A dream en route from Bangalore to Delhi


It was crimson. Dawn was just breaking. The sky was patched with orangish flames and deepest of blacks. Clouds hung about. The air was cool. In the faint light, the patches of grass on the ground were as black as the earth. I do not remember who were travelling with me, but they were familiar faces. People I had travelled with, before. Perhaps as a child, going to the school. The path was familiar too. The same road I had travelled with the same people for fourteen years of my school life. Yet the moment did not inspire warmth. Nor comradeship. It was as if the morning air chilled every emotion. There was a sense of unease I detected in myself as my eyes scanned the ground, catching patches develop shapes as my eyes adapted more to the faint light. My unease turned to dread.

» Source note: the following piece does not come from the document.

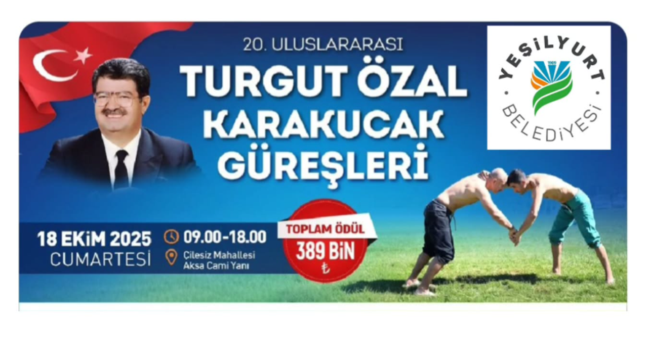 Gençlik ve Spor Bakanlığı, Yeşilyurt Kaymakamlığı ve Türkiye Geleneksel Güreşler Federasyonun destekleriyle Malatya Büyükşehir Belediyesi ve Yeşilyurt Belediyesinin ortaklaşa düzenleyeceği 20.Uluslararası Turgut Özal Karakucak Güreşleri,18 Ekim Cumartesi günü saat 09:00 ile 18:00 arasında Çilesiz Aksa Caminin yan tarafında ki alanda sporseverlerle buluşacak.

It was only last night that I was here. There was a three day black metal concert being organized at the spot. My companions and I had not been able to secure tickets. We had stood outside for a while, listening. Of course we were not alone. Several others stood with us, scanning the list of bands that would be playing on the remaining two nights. And though I do not believe in God, I remember having remarked that a “God-like” band would be playing the next night. The place had been very much alive last night, I thought, as my eyes scanned the horizon with increasing dread.

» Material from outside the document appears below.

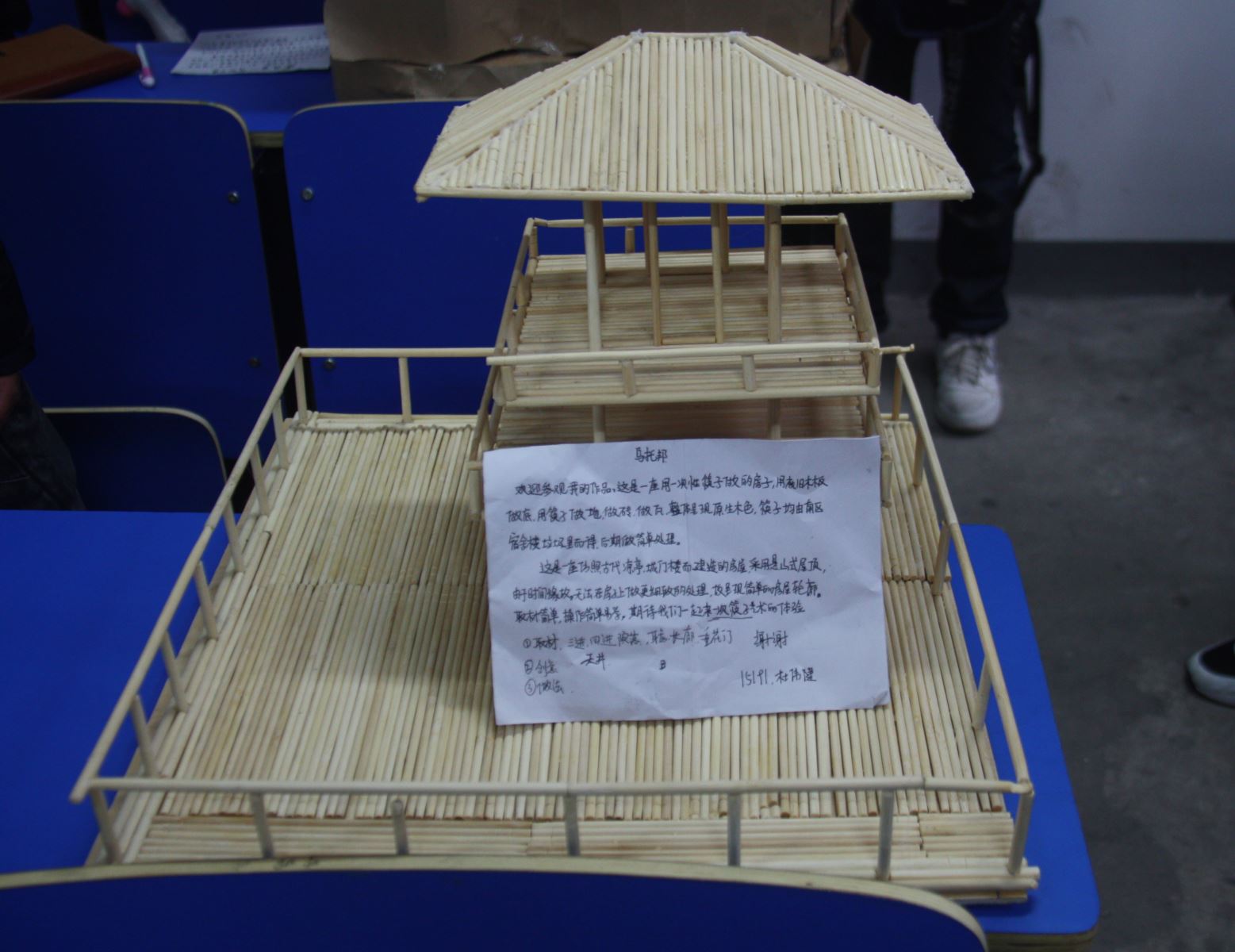 共有24位選手帶著展現各自“環保和諧”理念的作品參加了比賽。他們對作品的創作過程、創作意圖、實用價值等方面進行講解闡述,評委根據選手表現進行打分。首先上場的是15191班楊剛同學,他的作品是“我的城堡”?!斑@個作品的靈感是來自于歐洲著名的建筑——the castle,而且所用的材料均為廢棄的紙盒,經濟環保,美觀大方?!表懥恋慕榻B獲得了評委和觀眾的一致好評。接著15161班胡夢瑩同學帶來的作品“愛心風鈴”不僅外表美觀,而且簡單易做,所用的材料也是平時不被人重視的廢棄物品。她說:“這件作品是要送給我的小侄子的,雖說沒有買的好,但包含著我深厚的感情,我相信他一定會很喜歡。”評委們從作品的外觀、所用的材料、實用價值給予肯定肯定,希望她堅持環保生活;“我的作品是用十天的時間收集的一次性筷子拼接而成的,它是一座仿照古代涼亭而建造的房屋,用廢舊木板做底,用筷子做地、做磚、做瓦。”15191班杜偉健同學介紹說。評委們看到這件作品后都發出了驚訝的聲音,他們對參賽者的創意和制作期間的堅持不懈感到非常欣慰。

I had already seen it. Even before the others had a clue. Even before anyone else had a clue. How or why it took them so long to find out what had happened was something I do not understand. The patches of black on the ground were bodies impaled with spears and sticks. There were severed heads mounted on pikes. The arena where the concert was taking place last night was burnt to cinders. There were ghastly outlines of bodies lying around. I knew they were dead, even as my fellow travellers saw what had happened and let out gasps. It seemed that the vehicle we were in was travelling in a panoramic fashion. It led us closer to the burnt arena. I could see that the bodies were piled thicker ahead. Mercifully it took another path.

By now I could gauze and understand that the heads and the bodies were of boys not more than 25. They were faces I had seen going inside the arena last night. We crossed a pile. There were arms and legs sticking out of a shroud made of tarpaulin. People stood nearby, in shock. Some were severely injured, their faces bloodied. Perhaps survivors of whatever had transpired last night. Suddenly someone led out a terrible gasp. It was too loud and echoed all around. Apparently they had found another shroud of tarpaulin from under which dozens of severed heads rolled out. There was a haunting, howling sound all through the while in the background.

I woke up sometime later to the same sound. The sound of an injured animal yelping mixed with the sounds of a faraway ambulance, the crying of dogs at night and other similar sounds that can sometimes get dreadfully disturbing. I woke up to the sound of a train passing through the outskirts of some forgotten place in the dark of the night.